» Provided data:
────────────────

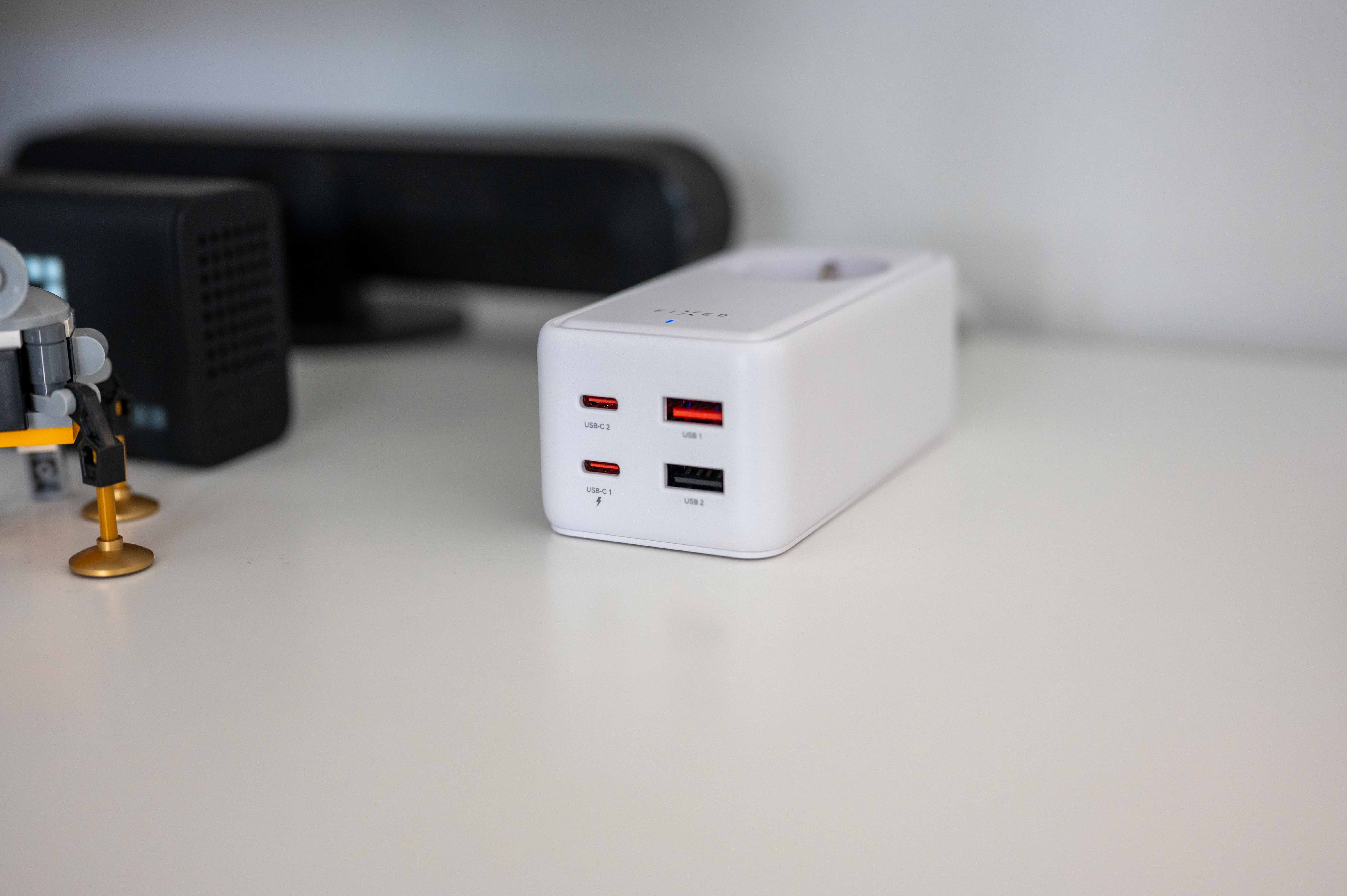 Díky integrovanému 1,5m napájecímu kabelu není problém adaptér umístit i v místech s hůře dostupnými zásuvkami, potažmo třeba na pracovní stůl, jak jsem to udělal já. Nabízí kombinaci klasické zásuvky pro zařízení do 2500 W a čtyř USB portů – dvou USB-C a dvou USB-A – což výrazně rozšiřuje jeho využitelnost. O stavu napájení informuje nenápadná LED dioda.
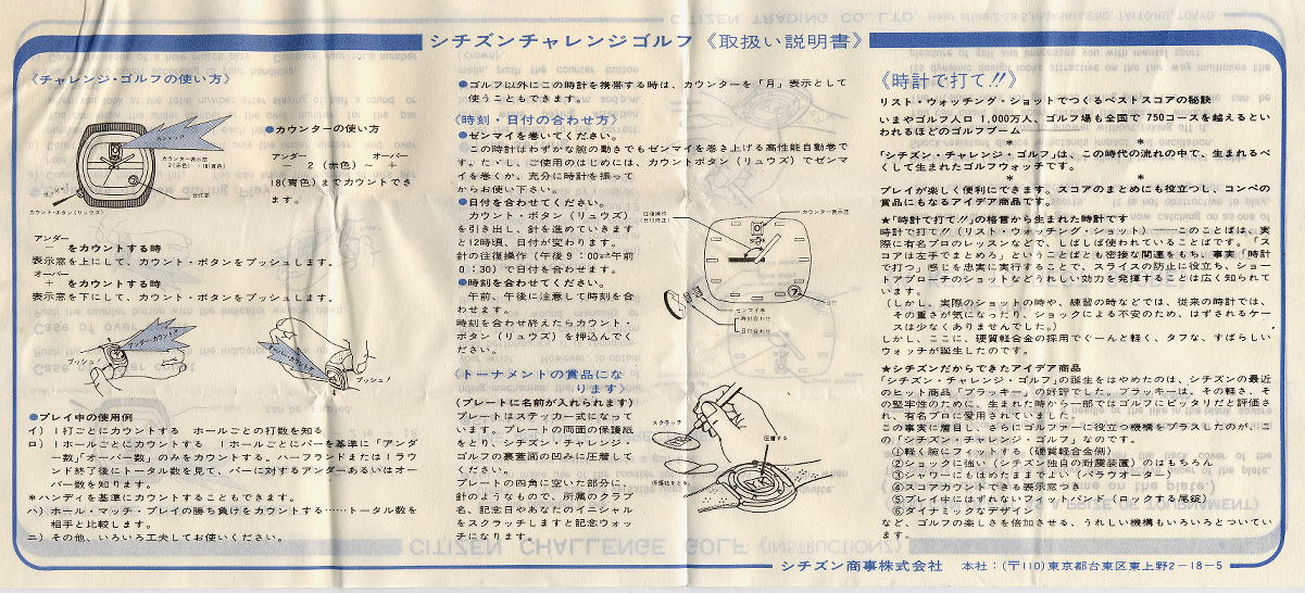 その6-1 チャレンジ・ゴルフの取り説の紹介です!! 本ページに掲載されている技術情報画像は、ガラ研が「シチズン時計 株式会社」様より 許可を頂いて掲載しています。如何なる理由でも、無断転載は、禁止します。 本ページに掲載されている製品資料・カタログ・取扱説明書等の著作権は、 「シチズン時計 株式会社」様にあります。
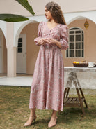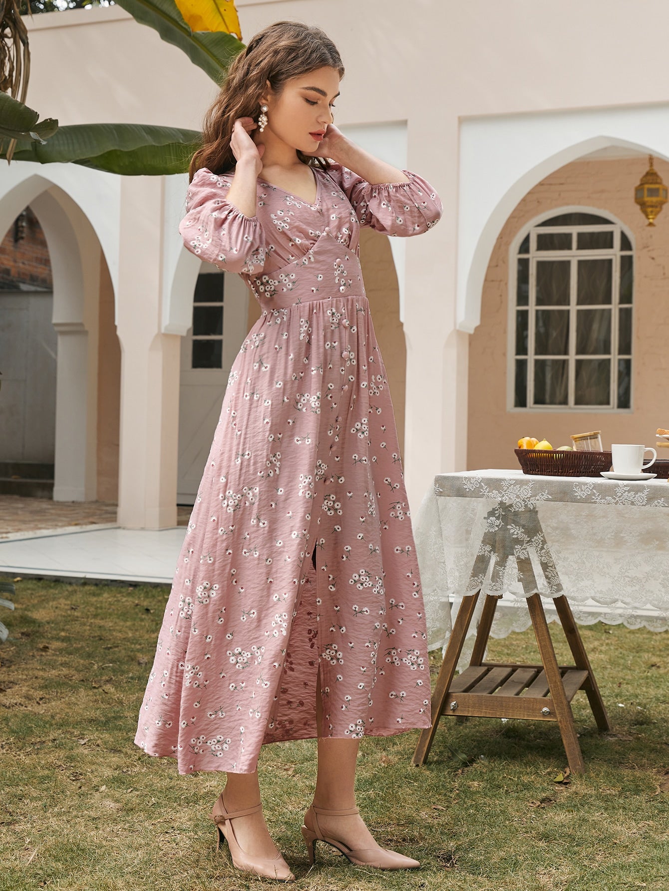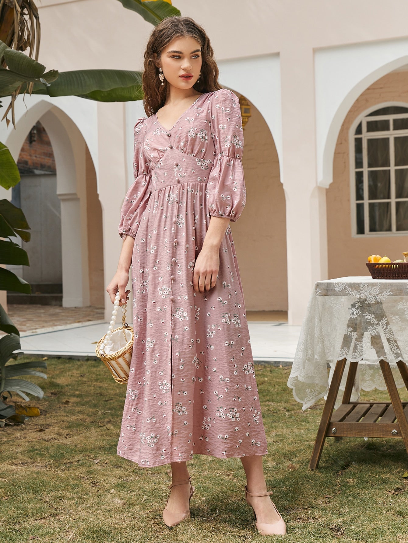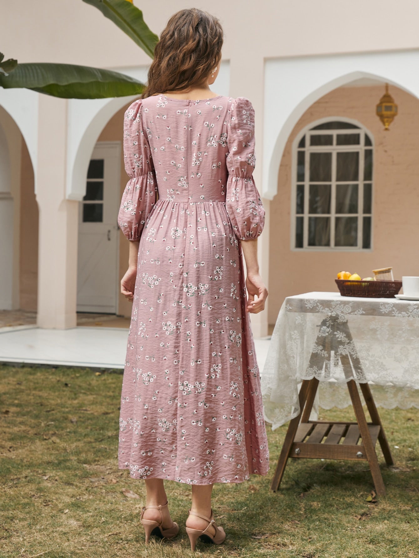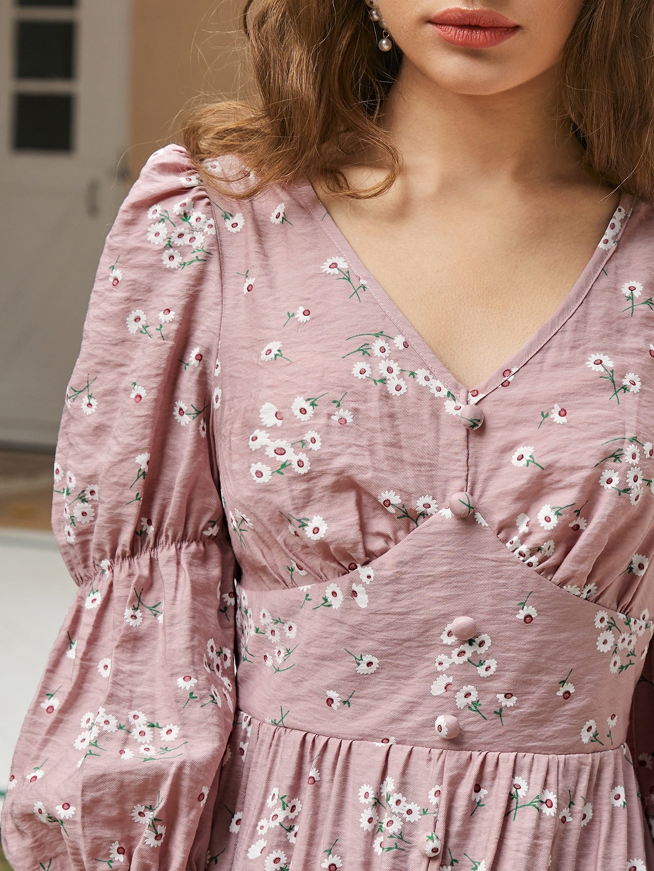 Ditsy Floral Covered Button Bishop Sleeve Dress

────────────────

» What the exercise asks: Using the listing above, copy every line from the line containing "その6-1 チャレンジ・ゴルフの取り説の紹介です!! 本ページに掲載されている技術情報画像は、ガラ研が「シチズン時計" through the last one, both included, and no other lines. Pictures stay out.

» Response:
 その6-1 チャレンジ・ゴルフの取り説の紹介です!! 本ページに掲載されている技術情報画像は、ガラ研が「シチズン時計 株式会社」様より 許可を頂いて掲載しています。如何なる理由でも、無断転載は、禁止します。 本ページに掲載されている製品資料・カタログ・取扱説明書等の著作権は、 「シチズン時計 株式会社」様にあります。
 Ditsy Floral Covered Button Bishop Sleeve Dress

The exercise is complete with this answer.